You’ll probably need to make that change to the EF code, but in T-SQL:
-- Guessing at 100 characters maximum
ALTER TABLE dbo.[Status]
ALTER COLUMN Name nvarchar(100) NOT NULL;
ALTER TABLE dbo.Colors
ALTER COLUMN Name nvarchar(100) NOT NULL;
ALTER TABLE dbo.Sizes
ALTER COLUMN Name nvarchar(100) NOT NULL;
ALTER TABLE dbo.Widgets
ALTER COLUMN Name nvarchar(100) NOT NULL;
I have also changed the column definition to NOT NULL
there.
Anyway, given indexes:
CREATE NONCLUSTERED INDEX IX_dbo_Sizes__DiameterInches
ON dbo.Sizes (DiameterInches);
CREATE NONCLUSTERED INDEX IX_dbo_Widgets__SizeId_ColorCode_StatusId__Name
ON dbo.Widgets (SizeId, ColorCode, StatusId)
INCLUDE (Name);
…you should end up with a plan that avoids lookups and sorts, something like:
With the small number of rows in Status and Colors, it is probably not worth indexing their Name columns right now, but that could change over time. In any case, if the name columns should be unique, you should constrain them to be so using a unique constraint or unique nonclustered index, for example:
CREATE UNIQUE NONCLUSTERED INDEX UQ_dbo_Colors__Name
ON dbo.Colors (Name);
CREATE UNIQUE NONCLUSTERED INDEX UQ_dbo_Status__Name
ON dbo.[Status] (Name);
CREATE UNIQUE NONCLUSTERED INDEX UQ_dbo_Sizes__Name
ON dbo.Sizes (Name);
CREATE UNIQUE NONCLUSTERED INDEX UQ_dbo_Widgets__Name
ON dbo.Widgets (Name);
Second approach
With the same indexes, if you are able to change the SQL, you could also separate out the Color and Status lookups:
DECLARE
@StatusId integer,
@ColorCode nvarchar(6);
SELECT @StatusId = ST.Id
FROM dbo.[Status] AS ST
WHERE ST.Name = N'Available';
SELECT @ColorCode = C.ColorCode
FROM dbo.Colors AS C
WHERE C.Name = N'Red';
SELECT TOP (1)
W.*
FROM dbo.Widgets AS W
JOIN dbo.Sizes AS S
ON W.SizeId = S.Id
WHERE
W.StatusId = @StatusId
AND W.ColorCode = @ColorCode
ORDER BY
S.DiameterInches;
This makes for a simpler set of operations that also happen to make life easier for the optimizer:
Note also that Unicode string literals should be prefixed with N for correct data typing.

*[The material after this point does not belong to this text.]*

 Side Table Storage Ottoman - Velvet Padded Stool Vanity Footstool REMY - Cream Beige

Oh, and you should also patch your instance. It is currently SQL Server 2008 Service Pack 1 – Service Pack 4 has been available for some time now.
The problem is that TopN Sort in the top left. It has to pull in all possible rows to then find the smallest one.

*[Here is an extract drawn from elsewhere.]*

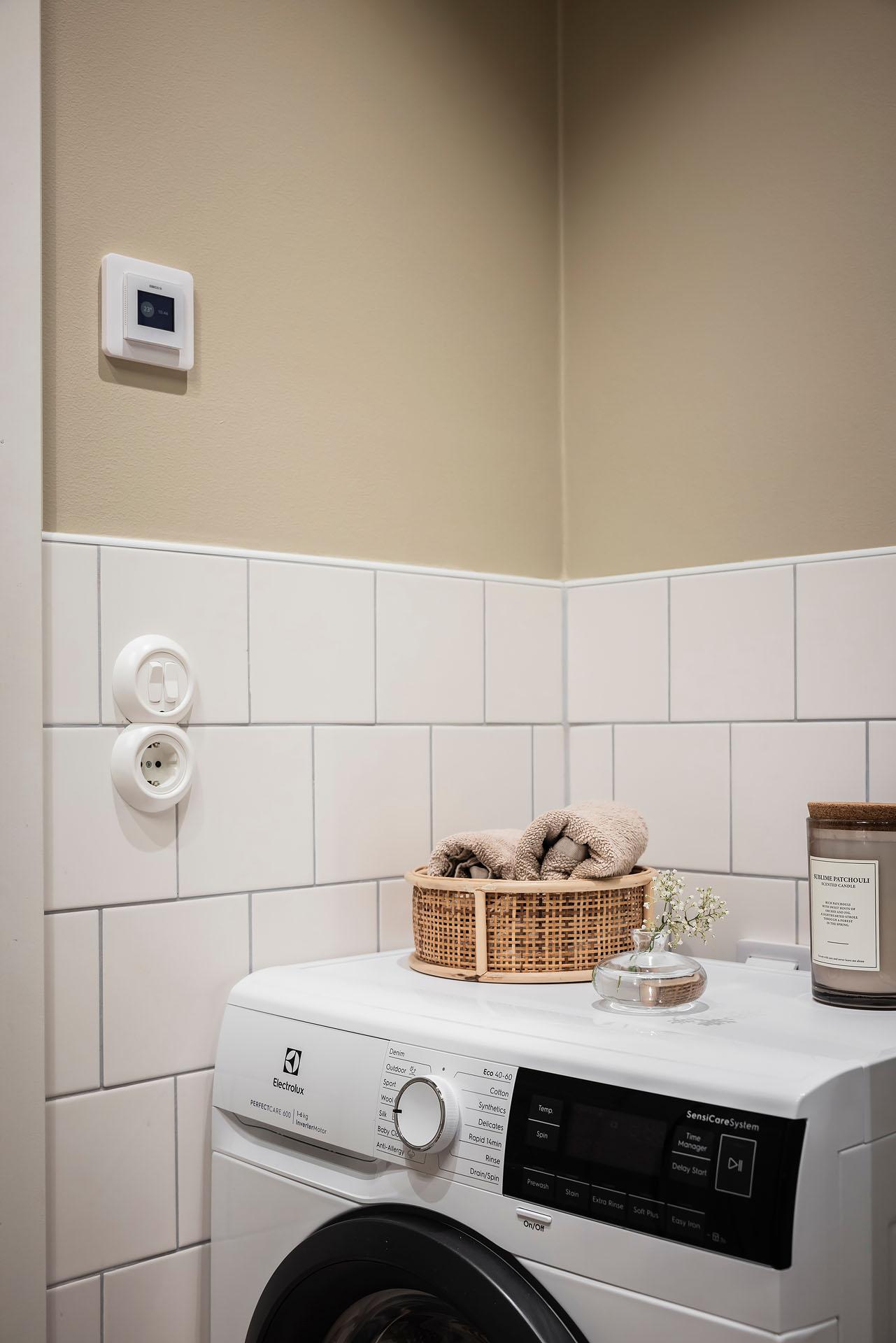 Gemensam tvättstuga med torkrum finns i källaren.

If you have an index on DiameterInches, it’s likely to start searching on the smallest ones first, and give you vastly improved performance.
Of course, then you’ll need an index on Widgets.SizeId, so that it can find those easily. And it’ll need to check each one to see if it’s Red and Available. You might find it’s a little over-normalised. If “Available” means StatusId = ‘A’, then use that, for example.
A suitable index might be:
CREATE INDEX ixDiameterInches
ON dbo.Sizes (DiameterInches, Id)
But also consider having:
CREATE INDEX ixSizeStatusColor
ON dbo.Widgets (SizeId, StatusId, ColorCode);
…so that you can quickly find those Available Red small things. You may find that (StatusId, ColorCode, SizeId)
works better if you don’t have many Available Red things.